Each device in your setup runs one board. Multiple boards can coexist on the same ESP-NOW mesh network simultaneously.
| Board | Camera | PDM Mic | Battery monitor | Notes |
|---|---|---|---|---|
| Seeed XIAO ESP32-S3 | ✅ | ✅ | ❌ | Primary dev target |
| Adafruit QT PY ESP32-S3 | ✅ | ✅ | ❌ | Stemma QT onboard |
| Adafruit Feather ESP32 | ❌ | ❌ | ✅ (GPIO35) | Good for battery builds |
These connect via Stemma QT (or standard I2C) and work the same on any supported board. Mix and match as needed.
| Peripheral | Link |
|---|---|
| SSD1306 OLED display | ID: 326 |
| Adafruit Seesaw Gamepad | ID: 5743 |
| BNO055 9-DoF IMU | ID: 4646 |
| VL53L4CX Time-of-Flight sensor | ID: 5425 |
| MLX90640 32×24 Thermal Camera | ID: 4407 |
| Adafruit AMG8833 8×8 Thermal Camera | ID: 3538 |
| APDS9960 Gesture / Light sensor | ID: 3595 |
| PA1010D GPS module | ID: 4415 |
| DS3231 RTC | ID: 5188 |
| STHS34PF80 IR presence sensor | ID: 6426 |
| TEA5767 FM Radio module | ID: 1712 |
| PCA9685 servo driver | ID: 815 |
| Stemma QT hub (for chaining) | ID: 5625 |
| Peripheral | Compatible boards |
|---|---|
| DVP camera (OV2640 / OV5640) | XIAO ESP32-S3, QT PY ESP32-S3 |
| PDM microphone (I2S) | XIAO ESP32-S3, QT PY ESP32-S3 |
| LiPo battery + BMS | Any board with a JST connector |
Hardware One uses ESP-IDF (not Arduino IDE). The quickest way to get going:
# Clone
git clone https://github.com/CadenGithubB/HardwareOne.git
cd HardwareOne
# Build and flash (replace PORT with your device's serial port)

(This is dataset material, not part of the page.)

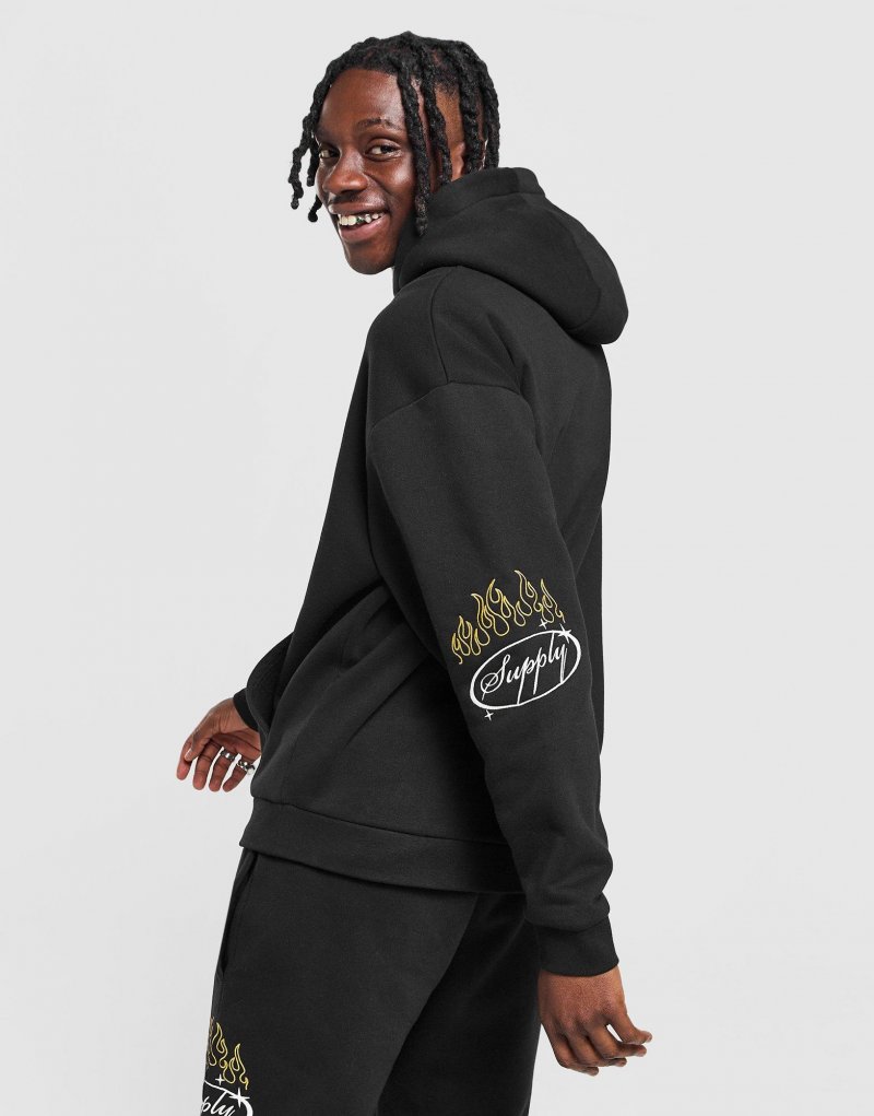 Bring ein neues Highlight in deinen Streetstyle mit diesem Pittsburgh Herren-Hoodie von Supply & Demand. Dieser JD-exklusive Hoodie ist in Schwarz gehalten und aus einem Baumwollmischgewebe geschnitten, das für dauerhaften Komfort sorgt. Er verfügt über lange Ärmel und eine feste Kapuze, während gerippte Bündchen an Saum und Ärmeln eine sichere Passform gewährleisten. Die Kängurutasche auf der Vorderseite eignet sich für eine einfache Aufbewahrung, währendaufgestickte Motive von Supply & Demand auf den Ärmeln und der Vorderseite die Blicke auf sich ziehen. Waschmaschinengeeignet. Unser Model ist 1,83 m groß, hat einen Brustumfang von 89 cm und trägt Größe M.

idf.py -p PORT flash monitorAll user-configurable options (which sensors, which web modules, which network features) live in one file: components/hardwareone/System_BuildConfig.h. Flip the flags, rebuild, done.